Here is the results from calculateBetaRes.

1
20 months ago by
Habil Zare170
United States/Austin Area
Habil Zare170 wrote:

Do you use RPKM values from RNA-Seq data? Did you transformed the expression values using, say, log(1+ <RPKM>)?

I used the DESeq normalization. I would now assume this would not be the perfect normalization methods, correct? (Especially I compared the sample datasets you put in the package). I will try normalization suing log(RPKM+1) and see if that would work.

In the meantime, is there any recommended "number of genes" that are used for the analysis based on the number of samples we got? I am trying to match the condition for our analysis to your publication...

Thanks a ton!

0
19 months ago by
Habil Zare170
United States/Austin Area
Habil Zare170 wrote:

Can you run the calculate.beta() function with different values for the RsquaredCut argument, say 0:4/20 +0.6? I recommend you choose the highest value that does not lead to an NA value for beta. In Pigengene version 1.5.9, I added RsquaredCut to one.step.pigengene(), arguments. So, when you find an appropriate value for RsquaredCut, you can pass it to the one.step.pigengene() function.
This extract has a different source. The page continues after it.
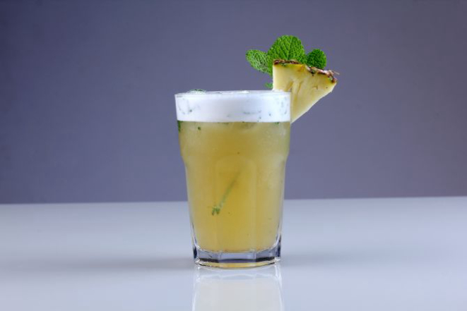 Tequila, suco de abacaxi, Amaretto, hortelã e gelo

Problem source: WGCNA raises the adjacency matrix to a power (a.k.a beta) before the clustering step. It automatically determines a value for the power by examining several values, and choosing the minimum value that leads to an R^2 index below a predefined cutoff (RsquaredCut). If such a beta value is not found, NA will be returned. See ?WGCNA::pickSoftThreshold for more details.